Hypospadias is a congenital condition in which the opening of the urethra—a tube that carries urine from the bladder outside the body—is not located at the tip of the penis but instead positioned underneath, mid-shaft, at the base of the penis, or next to the scrotum. It is one of the more common birth defects: According to the US Centers for Disease Control and Prevention, it occurs in as many as one in every 200 male births in the US.
In about 80 percent of cases, the opening is still near the head of the penis, and about 30 to 50 percent of the time the condition is accompanied by a slight downward curve of the penis (chordee). The goal of treatment is to straighten the shaft, fix the urinary channel, and relocate the urethral opening to the glans. Often, testosterone supplementation will also be given to enlarge the penis in preparation for surgery.
If certain functions (urination while standing, sexual function, fertility) are unaffected, surgery is unnecessary.
Surgery for Hypospadias
Hypospadias treatment options are almost exclusively surgical. The technique used depends on the specific location of the opening, as well as a surgeon's own preferences and experience. Hypospadias repair has four main goals:
To straighten the shaft of the penis
To create a new urinary channel
To position the urethra at the head of the penis
To reconstruct the tip of the penis using the foreskin
Infants with hypospadias should not be circumcised, since their foreskin can be used to aid in the repair. During the procedure, surgeons graft tissue from the foreskin to lengthen the existing urethra, allowing it to open at the tip of the penis. If necessary, they can also use foreskin to reconstruct the penis tip. When chordee is present, the surgeon cuts the curved portion of the penis to loosen the tight tissue, then sutures in healthy grafts.

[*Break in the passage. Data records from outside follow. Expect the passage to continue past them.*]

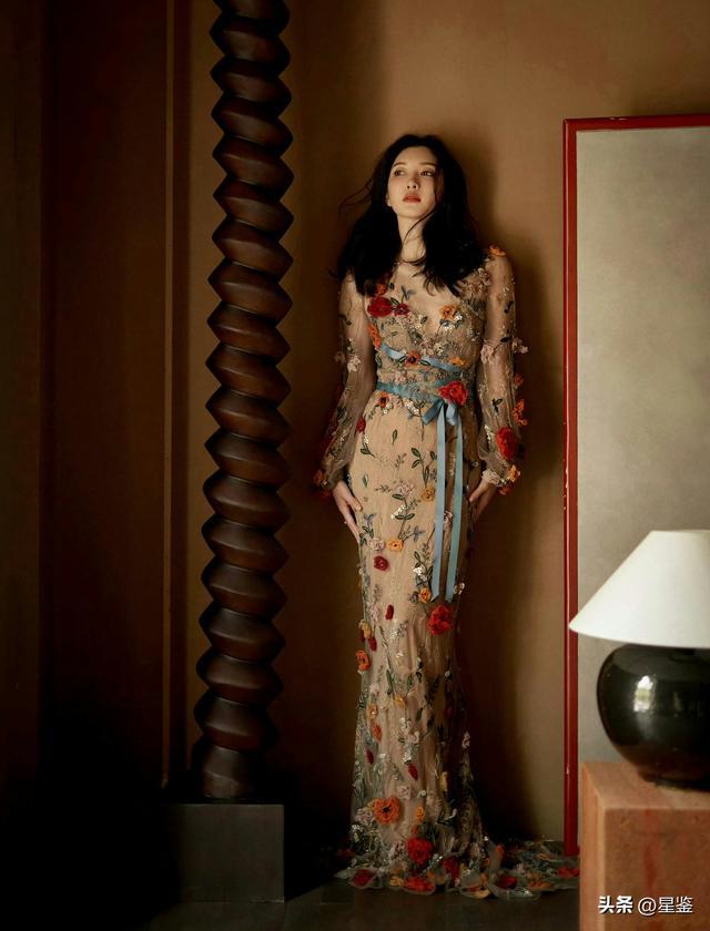 江疏影这组造型,完全就是从复古油画里走出来的人间富贵花。一条裸色透视纱裙,被她穿出了自带柔光滤镜的高级感,连光影都在为她的气质加分。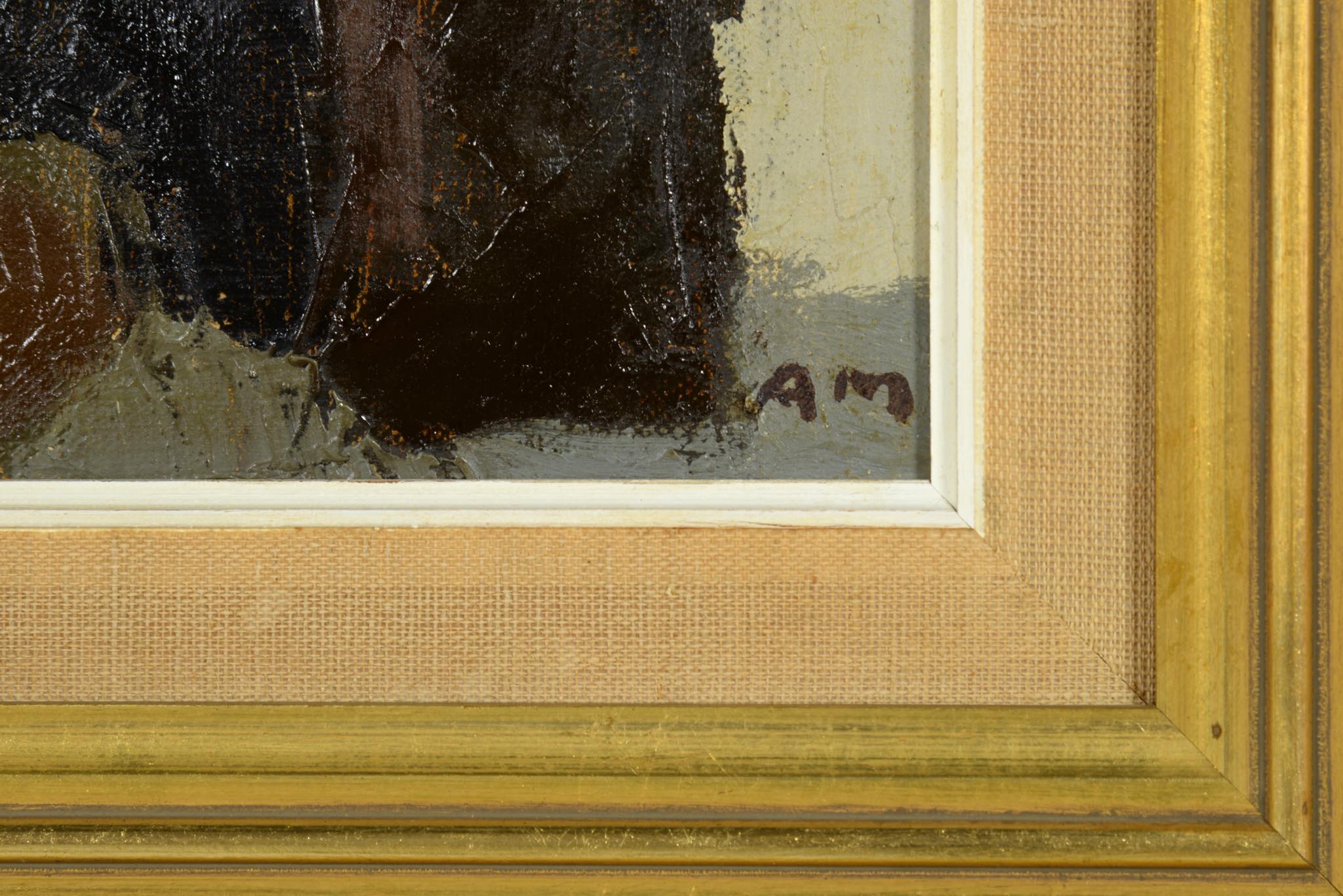 デンマーク、ボーンホルム島の画家、Axel Munch/アクセル・ムンクによる風景画油彩作品です。陽の光に照らされた納屋と、建物の陰で作業する農夫が描かれています。フレームはオリジナルのものをそのまま整えました。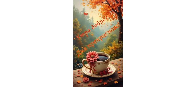 На скамейке на фоне осеннего леса стоит чашка с кофе.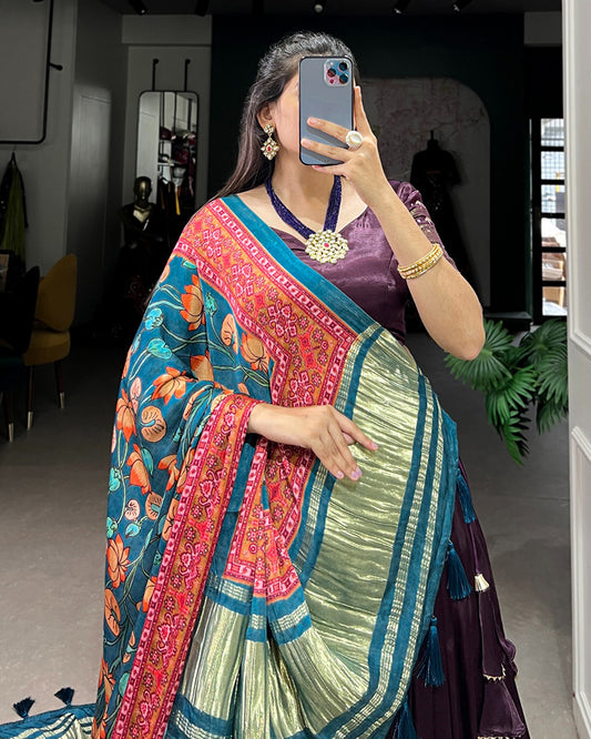 Wine Color Jacquard Print Banarasi Soft Silk Saree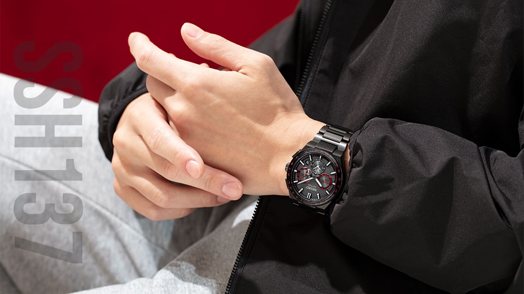 Az Astron SSH137J1 modell karakteres, határozott darab. A titán tok és fémszíj fekete bevonatot kapott, amely a vörös elemekkel erős designt alkot.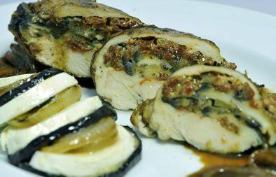 حلقة باذنجان ثم ترش بطبقة من الجبن ، وتكرر الطبقات حسب الرغبة - تربط صدور الدجاج بالخيط ليحكم غلقها، وتُكرر العملية مع الصدور الآخرين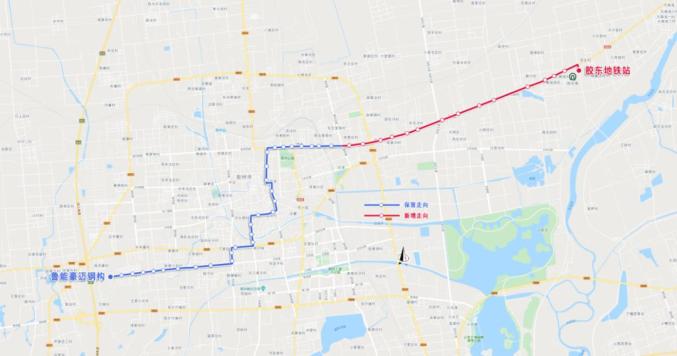 (9)胶州16路由“阜安工业园—鲁能豪迈钢构”局部调整并延伸为“鲁能豪迈钢构—胶东地铁站”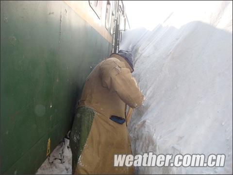 4日,救援人员在清除车厢一侧的积雪(来源:商都县气象局)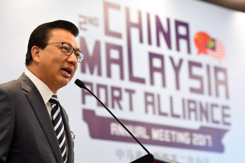 ??? 9月4日,在馬來西亞吉隆坡,馬來西亞交通部長(zhǎng)廖中萊在第二屆中馬港口聯(lián)盟會(huì)議上致辭。第二屆中馬港口聯(lián)盟會(huì)議4日在吉隆坡舉行,會(huì)議同意接納中國(guó)青島港務(wù)局、天津港務(wù)局以及馬來西亞甘馬挽、沙巴和古晉三個(gè)港務(wù)局成為新的聯(lián)盟成員。新華社發(fā)(張紋綜 攝) |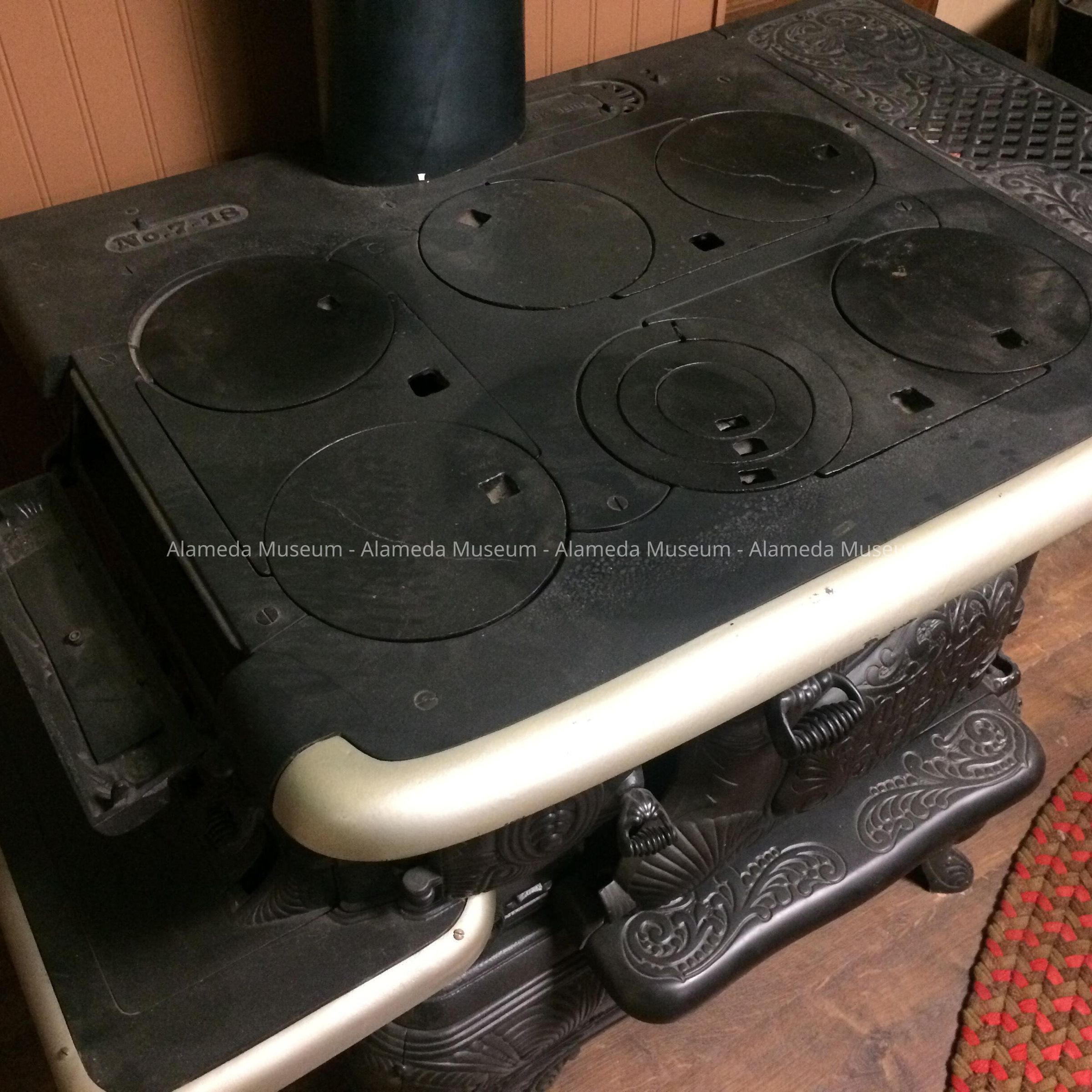 History of Object: Taunton Iron Works, Taunton, Mass., 'Quaker Gem 7' Cast iron stove from a house, in the last third of 2200 Encinal block. Donor does not recall the exact address, but it was a late colonial revival, one story, high basement, probably built between 1910 to early 1920s. Donor had permission to salvage from the city, as it was slated for demolition to make place for the new High School in the 1970s.
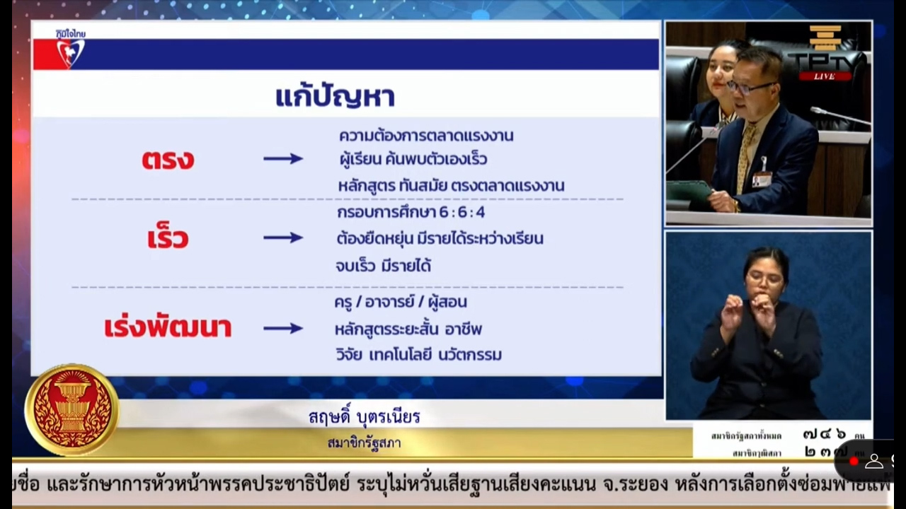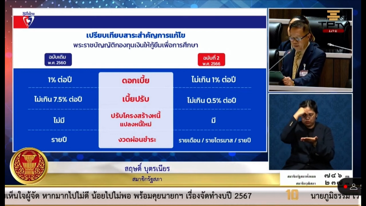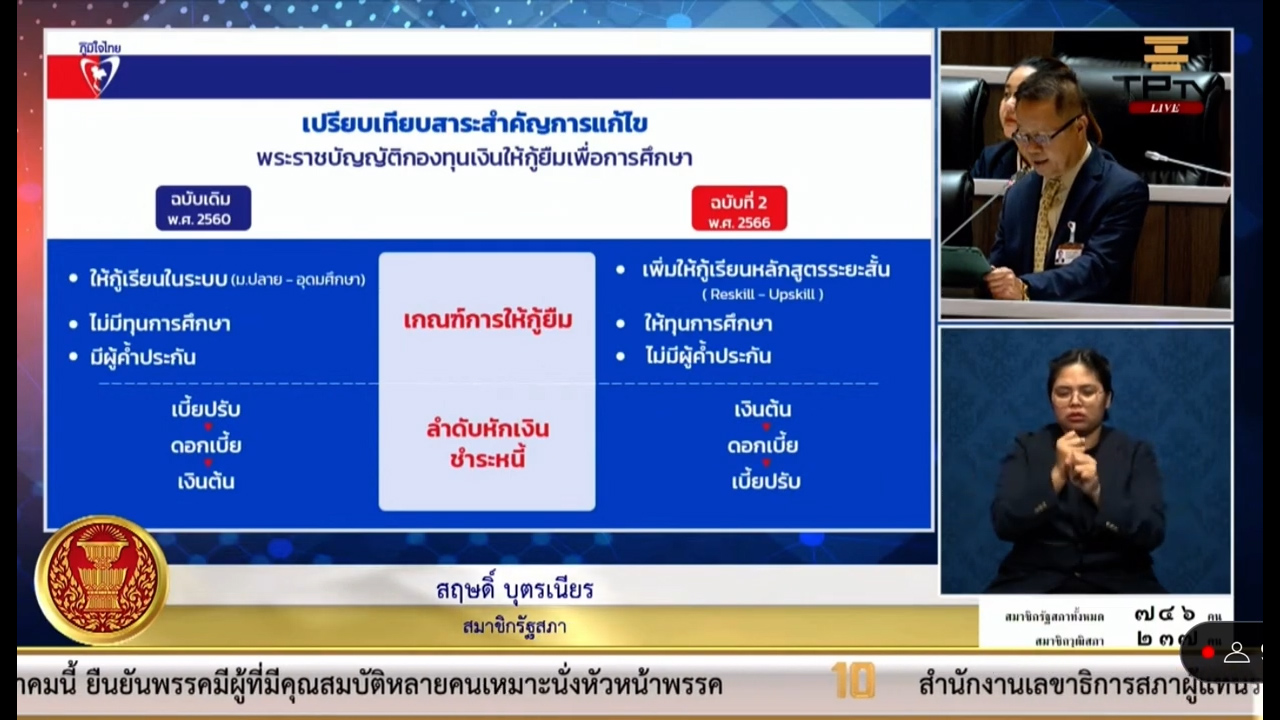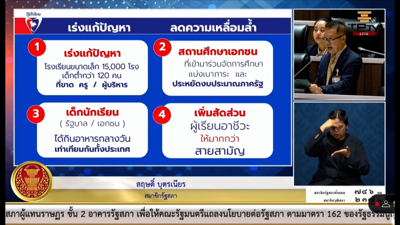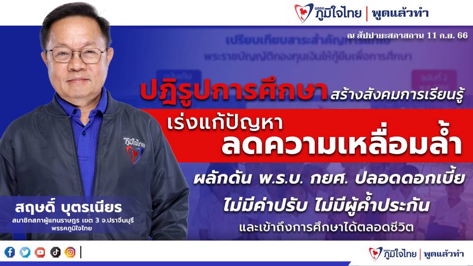 พรรคภูมิใจไทยให้ความสำคัญกับการศึกษามาโดยตลอด ผ่านการออกพระราชบัญญัติส่งเสริมการเรียนรู้ ซึ่งเปิดโอกาสให้ทุกช่วงวัยสามารถเข้าถึงการศึกษาตลอดชีวิต ทั้งหลักสูตรระยะสั้น มีรายได้ระหว่างเรียน และสามารถเพิ่มทักษะความรู้ความสามารถได้ และจะผลักดันนโยบายกองทุนกู้ยืมเพื่อการศึกษา (กยศ.) เพื่อให้ผู้เรียนสามารถเข้าถึงกองทุนเพื่อพัฒนาคุณภาพชีวิต ปลอดดอกเบี้ย ปลอดค่าปรับต่อไป นายสฤษดิ์ กล่าวทิ้งท้าย.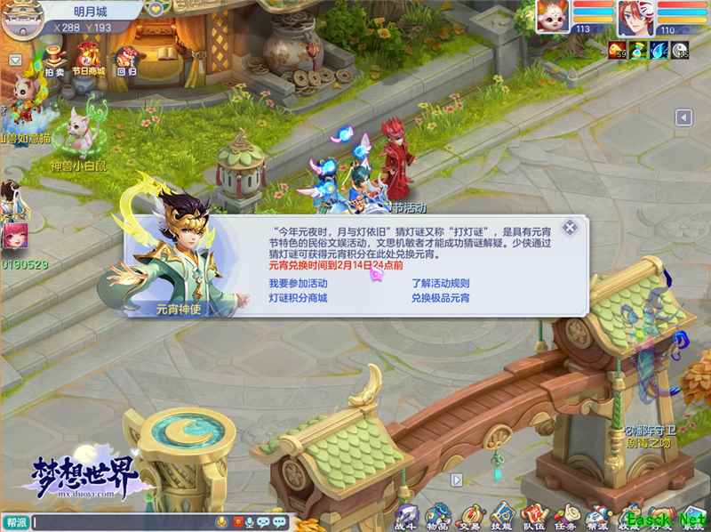 【元宵节活动】 积分换元宵 灯谜大作战 通过参加灯谜活动,玩家可以获得灯谜积分奖励,积分可在元宵神使处兑换不同口味的元宵。食用元宵能够提升资质哦,想变得更强吗?别忘了参加元宵活动哦!

Pediatric medical societies recommend the surgery be performed when an infant is somewhere between 6 to 12 months old. While it can be done at any age, younger children tend to experience less discomfort from the procedure.
Without surgery, hypospadias may cause permanent issues with controlling and directing the urine stream, abnormal curvature during erection, and even fertility problems.
Prognosis for Hypospadias Treatment
If a child experiences normal urinary functioning post-surgery, his prognosis is good.
Surgical complications occur in less than 10 percent of all cases; risk varies depending on the location of the urethral opening and the patient's age. One of the most common problems is urethrocutaneous fistula (an abnormal connection between the urethra and skin of the penis), which occurs in nearly half of all teen and adult patients.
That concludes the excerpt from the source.